Since the early 2000s, AI systems have eliminated more than 1.7 million jobs, and that number will only increase as AI improves. Some research estimates that by 2025, AI will eliminate more than 85 million jobs.
But for all the talk about job security, AI is also proving to be a powerful tool in healthcare—specifically, cancer detection. One recently published study has shown that, remarkably, artificial intelligence was able to detect 20 percent more cancers in imaging scans than radiologists alone.
Published in The Lancet Oncology, the study analyzed the scans of 80,000 Swedish women with a moderate hereditary risk of breast cancer who had undergone a mammogram between April 2021 and July 2022. Half of these scans were read by AI and then a radiologist to double-check the findings. The second group of scans was read by two researchers without the help of AI. (Currently, the standard of care across Europe is to have two radiologists analyze a scan before diagnosing a patient with breast cancer.)
The study showed that the AI group detected cancer in 6 out of every 1,000 scans, while the radiologists detected cancer in 5 per 1,000 scans. In other words, AI found 20 percent more cancers than the highly-trained radiologists.
Scientists have been using MRI images (like the ones pictured here) to train artificial intelligence to detect cancers earlier and with more accuracy. Here, MIT's AI system, MIRAI, looks for patterns in a patient's mammograms to detect breast cancer earlier than ever before. news.mit.edu
But even though the AI was better able to pinpoint cancer on an image, it doesn’t mean radiologists will soon be out of a job.
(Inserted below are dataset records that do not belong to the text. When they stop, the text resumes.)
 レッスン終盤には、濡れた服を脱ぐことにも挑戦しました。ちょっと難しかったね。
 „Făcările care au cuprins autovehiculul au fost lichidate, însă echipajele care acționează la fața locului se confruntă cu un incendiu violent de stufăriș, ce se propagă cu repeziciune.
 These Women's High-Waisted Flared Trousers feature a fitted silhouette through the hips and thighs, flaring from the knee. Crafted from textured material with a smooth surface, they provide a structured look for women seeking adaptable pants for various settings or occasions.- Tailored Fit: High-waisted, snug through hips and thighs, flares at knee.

Dr. Laura Heacock, a breast radiologist at NYU, said in an interview with CNN that radiologists do much more than simply screening mammograms, and that even well-trained technology can make errors. “These tools work best when paired with highly-trained radiologists who make the final call on your mammogram. Think of it as a tool like a stethoscope for a cardiologist.”
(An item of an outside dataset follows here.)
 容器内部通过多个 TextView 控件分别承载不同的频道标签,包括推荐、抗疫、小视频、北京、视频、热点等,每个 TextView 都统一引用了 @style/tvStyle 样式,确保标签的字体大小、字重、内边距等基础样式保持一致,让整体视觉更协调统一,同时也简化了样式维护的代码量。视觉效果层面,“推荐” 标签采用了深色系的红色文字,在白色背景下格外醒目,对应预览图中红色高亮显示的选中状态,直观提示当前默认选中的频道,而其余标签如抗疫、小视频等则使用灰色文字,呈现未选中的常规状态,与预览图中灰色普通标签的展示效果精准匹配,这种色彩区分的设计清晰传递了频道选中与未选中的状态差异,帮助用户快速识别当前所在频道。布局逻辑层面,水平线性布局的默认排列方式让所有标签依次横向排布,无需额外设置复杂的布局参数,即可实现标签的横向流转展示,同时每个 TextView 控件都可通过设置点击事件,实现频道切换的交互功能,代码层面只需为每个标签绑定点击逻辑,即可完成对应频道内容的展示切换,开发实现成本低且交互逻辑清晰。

AI is still an emerging technology, but more and more doctors are using them to detect different cancers. For example, researchers at MIT have developed a program called MIRAI, which looks at patterns in patient mammograms across a series of scans and uses an algorithm to model a patient's risk of developing breast cancer over time. The program was "trained" with more than 200,000 breast imaging scans from Massachusetts General Hospital and has been tested on over 100,000 women in different hospitals across the world. According to MIT, MIRAI "has been shown to be more accurate in predicting the risk for developing breast cancer in the short term (over a 3-year period) compared to traditional tools." It has also been able to detect breast cancer up to five years before a patient receives a diagnosis.
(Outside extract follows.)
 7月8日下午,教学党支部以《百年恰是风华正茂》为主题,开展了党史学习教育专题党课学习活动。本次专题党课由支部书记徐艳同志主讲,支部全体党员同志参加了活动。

The challenges for cancer-detecting AI tools now is not just accuracy. AI tools are also being challenged to perform consistently well across different ages, races, and breast density profiles, particularly given the increased risks that different women face. For example, Black women are 42 percent more likely than white women to die from breast cancer, despite having nearly the same rates of breast cancer as white women. Recently, an FDA-approved AI device for screening breast cancer has come under fire for wrongly detecting cancer in Black patients significantly more often than white patients.
As AI technology improves, radiologists will be able to accurately scan a more diverse set of patients at a larger volume than ever before, potentially saving more lives than ever.